Neden herkes özür diliyordu bugün birbirinden? Özür dilediklerinde 10 yıldır yaşadıkları her şey silinecek miydi? Eski hallerine geri döneceklermiş gibi özür diliyorlardı birbirlerinin. Hepsi bunu farkında olsa da yapacakları başka bir şey olmadığını da biliyorlardı. “Özlem’in böyle bir şey yapacağını hiç düşünmezdim.”dedi Ağca.
Deniz arkasından “Hiçbir şeyi düşünemedin ki zaten hiçbir zaman hem de.”diye söyledi. Ağca arkasına döndü. “Ne?”diye sordu. Denkz uzaklara bakarak “Yok bir şey.”dedi. Ağca kabarmıştı. Deniz'in dediği şey dokunmuştu biraz. “Deniz nasıl anlamamı bekliyordun?”diye sordu sitem ederek. Deniz bir şey demedi. “Bir şey de.”
“Ne dememi bekliyorsun?” Daha ne kadar bir şeyleri içinde tutabilirdi ki Deniz? Zaten yeteri kadar lafı yutmuşken bu zamana kadar bundan sonra söyleyeceklerini yutmayacaktı. Her şey sarpa sarmışken belki de hiçbiri için çıkış yolu yokken öyle yapmak en büyük aptallık olabilirdi de. “Ağca 10 sene tamam mı? Tam 10 sene.”dedi Deniz, Ağca’ya yaklaşırken. Ali ve Bulut sesi duyduklarında ikinci katın balkonuna çıkmışlardı ve ne olduğunu anlamaya çalışıyordu. Ali aşağı ineceği sırada Bulut onun kolundan tutmuştu. Balkon demirlerini sımsıkı sıkarak onları izliyordu. İpin ucunu o da bırakmıştı çünkü artık.

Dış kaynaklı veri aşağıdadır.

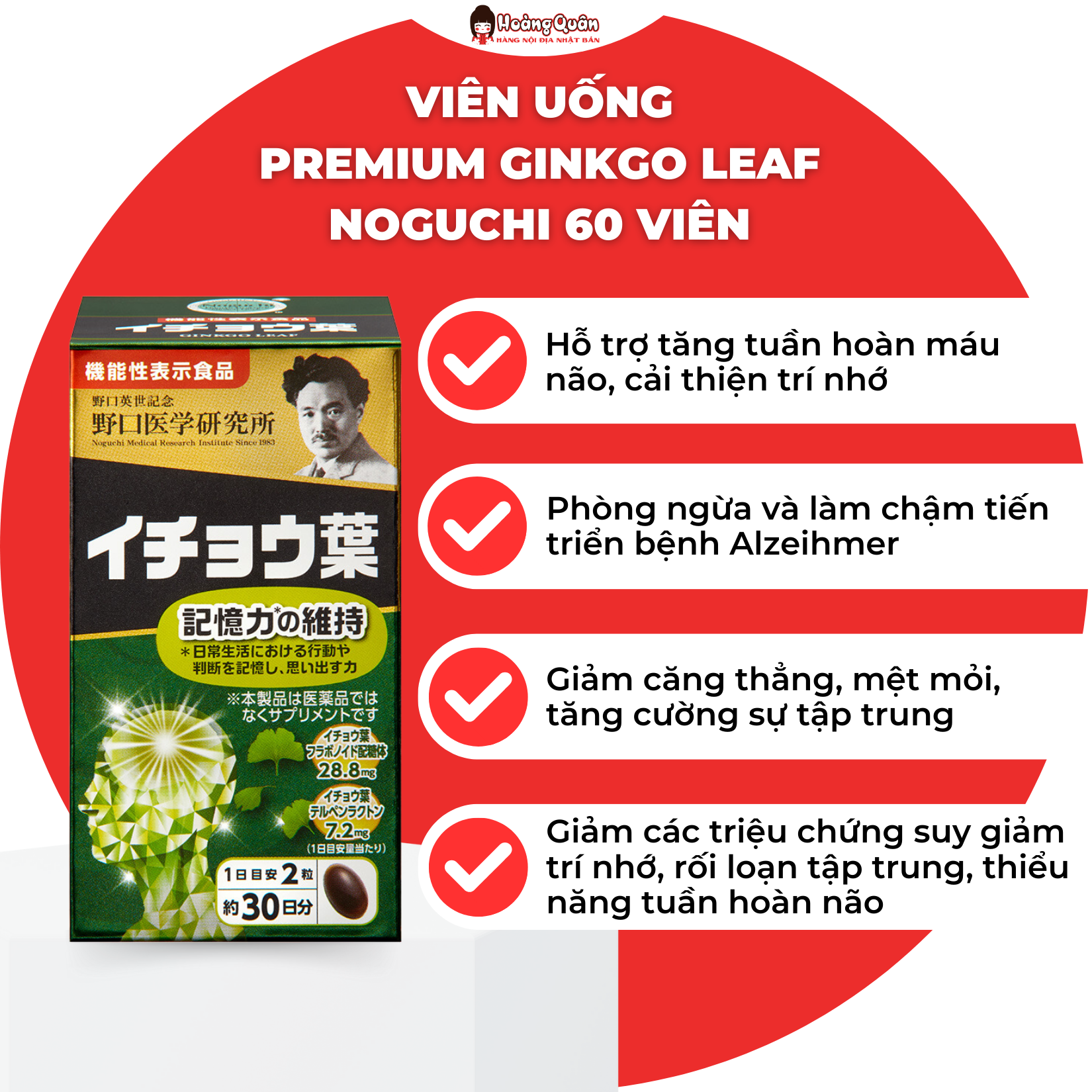 Hướng dẫn sử dụng viên uống bổ não Premium Ginkgo Leaf Noguchi 60 viên
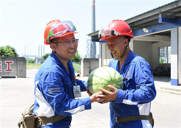 上午11點,室外地面溫度已經近40℃。永祥樹脂公司執行總經理杜亦軍深入生產現場,為高溫下默默堅守一線的奮斗者送去冰鎮的飲料和西瓜等防暑降溫品,讓員工感受到公司的關懷和夏日的清涼。在高溫下,杜亦軍一行先后前往中控樓、機修車間、聚合包裝、乙炔車間,為員工送上清涼飲品,并代表通威股份副總裁、永祥股份總經理李斌向大家戰高溫、斗酷暑的辛勤付出表示感謝,叮囑大家在加強安全管理,做好安全生產的同時,使用好防暑降溫清涼飲品,保重身體。
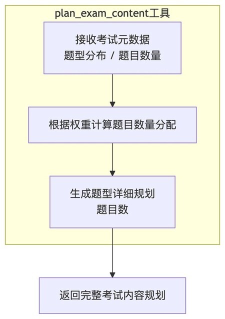 这个工具的输出将指导后续的题目生成过程,确保生成的考试内容结构合理。分数分配则是在前端 JavaScript 中实现的,而不是在 Python 工具中。
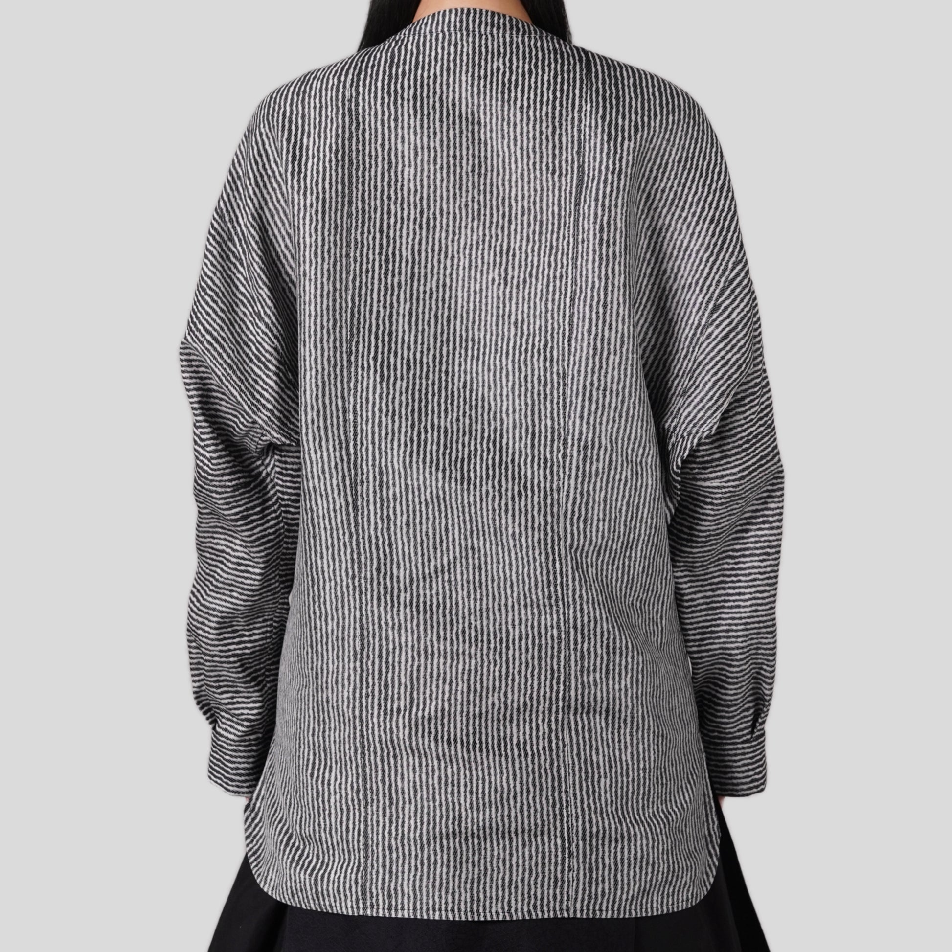 動きやすさを重視してゆとりのあるシャツになります。ドルマン方の袖の形状は帯地を使用しているからできるデザインとなっておりモダンな切り返しを特徴としています。
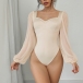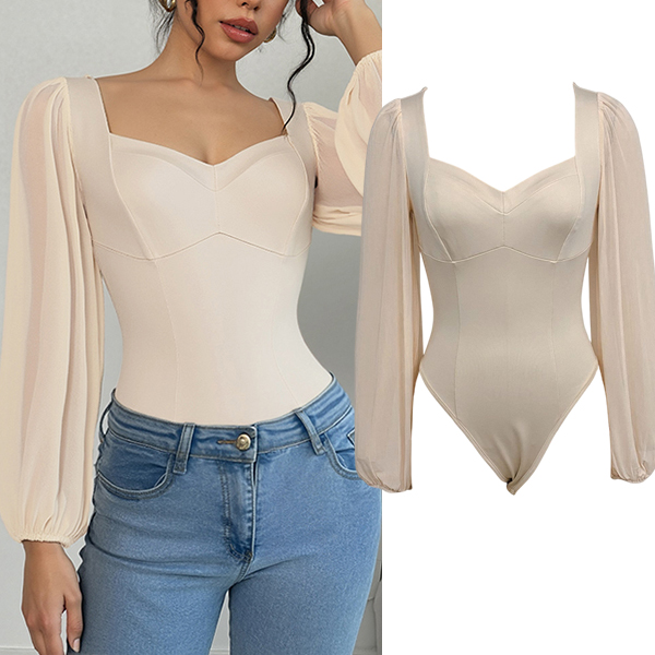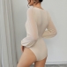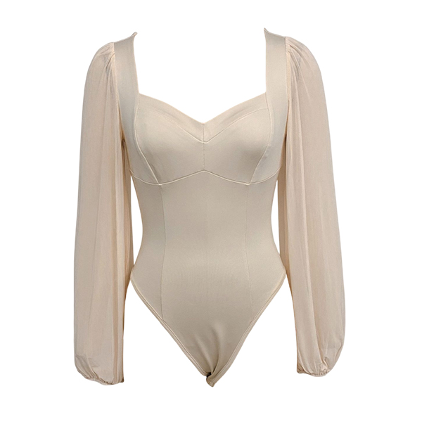 Enfärgad meshjumpsuit med fyrkantig halsringning, långärmad och figurnära passform

“Hiçbir şey söylemedin bana Deniz.”dedi gözlerini onun gözlerine dikerken. Deniz kahkaha attı. “Gözlerinin içine baktım ben. Tamam bir şey söylemedim ama ben senin gözlerinin içine baktım. Anlamanı bekledim. Hani dostum diyordun ya anlarsın sandım.” Ardından sesinin tonunu biraz indirirken “Gerçi anlasan ne fark edecekti ki.”dedi.
Ağca iyice yaklaştı Deniz'e. “Ben sana söyleyeyim ne fark edeceğini. Ben her şeyin farkına varacaktım. Hislerimin, sana karşı boş olmadığımın farkına varacaktım. Bana bir ışık göstermiş olacaktın. Ben de içimde olanlardan haberdar olacaktım Deniz.”dedi Ağca.
“Eğer söyleseydin bir şeyler ben o nikah masasında evet diye bağırırken bu kadar parçalanmayacaktım. Bir ay boyunca kendi kendimi yemeyecektim. Hatta en önemlisi ne biliyor musun? Eğer sen bana bir şeyler söyleseydin Bulut şuan bu durumda olmayacaktı.”Balkonda olan Bulut dikildi. Ali bakışlarını ona çevirdi, bir şeyleri anlayacak kadar zekiydi. Bulut'un Deniz'i seveceği aklının ucundan bile geçmezdi belki de. Deniz, Bulut'un adını duyunca duraksadı.
“Ben senin kadar salak değilim Ağca.”diye bağırdı ardından. “Bulut'un tek bir bakışını bırak tek bir hareketinden bile anlayabilirim.” Ardından birkaç adım uzaklaşıp “Düşündüm de senin kadar salakmışım bende. Neden boşu boşuna umurunda bile olmadığım birini bu kadar sevdim ki?” Ağca bunda duraksadı.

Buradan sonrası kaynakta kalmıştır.